In january, The Globe and Mail served coffee. In September came the breakfast cereal.

And the next product to be delivered with the newspaper will probably be along soon.

Martha Torrance-Stevenson, account manager, national advertising at the Globe, says her department is working on a variety of deals similar to the one for Harvest Crunch Light Blend cereal and Maxwell House filter packet coffee.

On Sept. 19, 450-gram boxes of Harvest Crunch Light Blend cereal were delivered to 160,000 home delivery subscribers to the weekend edition of the Globe. The retail price of the cereal was more than $3.

Janet Reesor, product manager for ready-to-eat cereals at the Quaker Oats Company of Canada in Peterborough, Ont., says her company used the Globe as a delivery vehicle to generate awareness and trial of the cereal.

Last January, Maxwell House used a Friday issue of the Globe to deliver samples of its new filter packet coffee to 133,000 subscribers, Torrance-Stevenson says.

Reesor says Light Blend, which has half the amount of fat found in regular Harvest Crunch, was launched in February but had not received much support until the Sept. 19 drop.

She says the Globe-Light Blend pairing worked because it reached subscribers on a weekend when they were unlikely to be rushing off to work and so had time to try the cereal and read the box it came in.

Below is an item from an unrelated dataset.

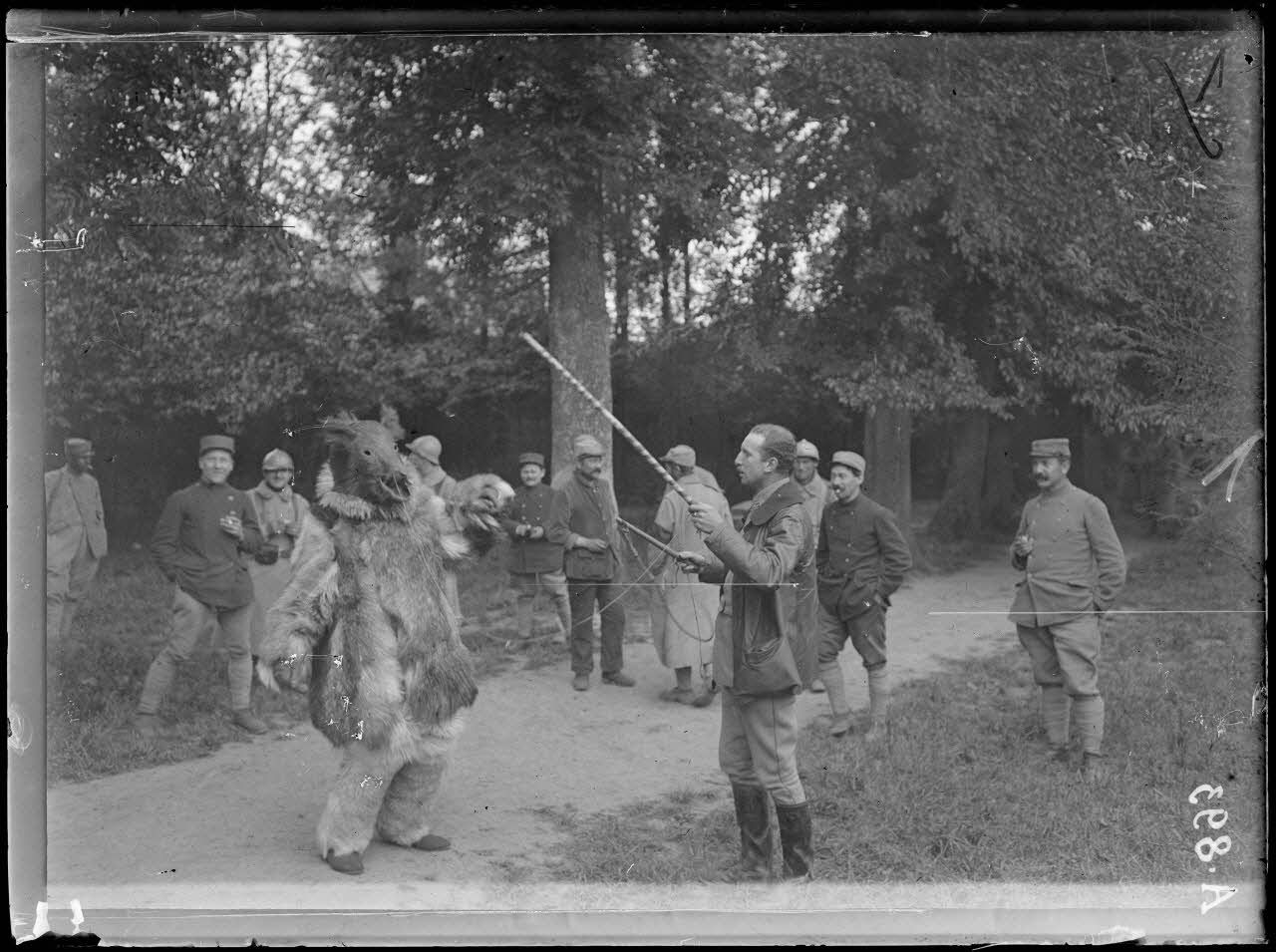 Piennes. Somme. Divertissement au cantonnement. Le montreur d'ours.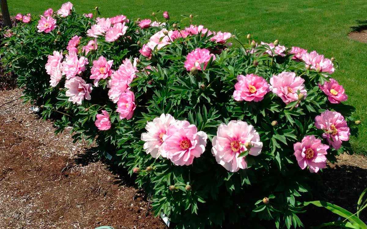 Восхитительно в саду смотрятся яркие цветки Bowl of Beauty с огромным количеством тычинок. Или же компактные кусты пиона сорта Неон, густо покрывающиеся махровыми цветками, которые смотрятся на нем как порхающие бабочки.

As well, Reesor says the drop was ‘a really great demographic fit,’ adding Globe readers tend to be urban, with higher incomes and levels of education.

She says that for those Globe readers who do not have a subscription, Quaker included a 60-cent-off coupon with its ad for Light Blend in the Sept. 21 paper.

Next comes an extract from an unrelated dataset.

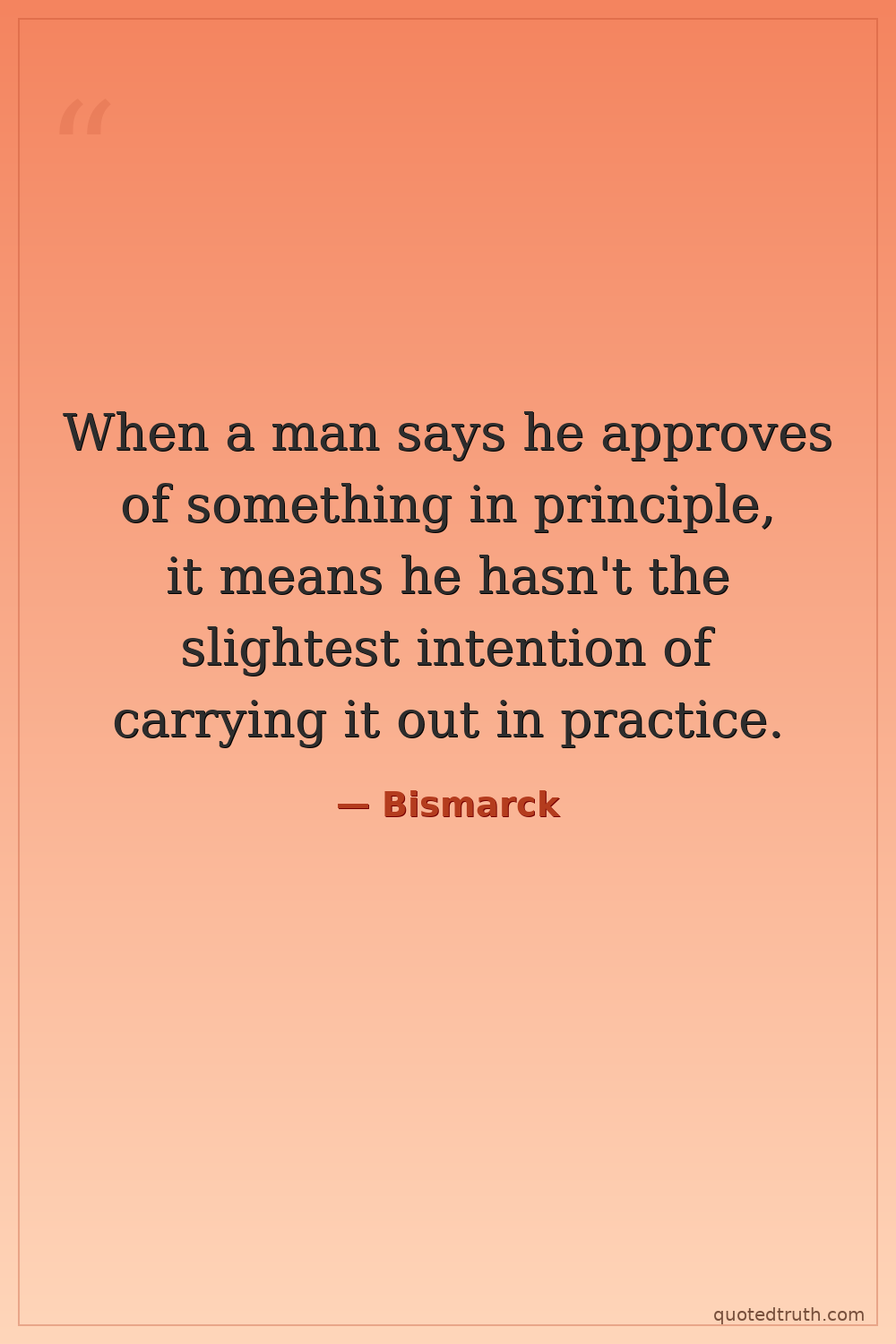 When a man says he approves of something in principle, it means he hasn't the slightest intention of carrying it out in practice.

According to Reesor, there are also other sampling ventures and coupons in the works for the cereal, although she will not disclose them.

And the company is not finished there, either, Reesor says.

Quaker has two 30-second tv spots – one English national, one French for Quebec – for Light Blend that went on the air Sept. 21 to support the cereal.

The spots come from Quaker agency Ogilvy and Mather.

Torrance-Stevenson says the Globe used its ‘rain bags’ to deliver the paper and the box of Light Blend.

She says the bags are used in inclement weather and on this occasion they were printed with the Harvest Crunch logo.

Valerie Bell, president and owner of Valerie Bell and Associates in Toronto, one of Quaker’s promotions agencies that specializes in health and nutrition, says the Light Blend drop took five months to develop.

Bell says Quaker selected the Globe as the best match for its product.

She says the company considered another half-dozen delivery options, including other publications she declined to name.

As well as the Globe, Quaker has used a couple of other non-traditional sampling vehicles for its cereals.

Reesor says earlier this year, the Pizza Pizza chain in Ontario delivered either a 400- or 450-gram box of Harvest Crunch, Corn Bran, Oat Squares or Life cereal to anyone who ordered pizza.

In Western Canada, Reesor says Mohawk gas stations gave away samples of cereal to anyone who pulled in. Both sample trials lasted two months.

Torrance-Stevenson says although it is early yet to assess the success of the cereal delivery, a telemarketing survey by the Globe done after the Light Blend sampling showed ‘the results are very good.’

Reesor concurs. She says the quantative response to the Light Blend delivery has been ‘very positive.’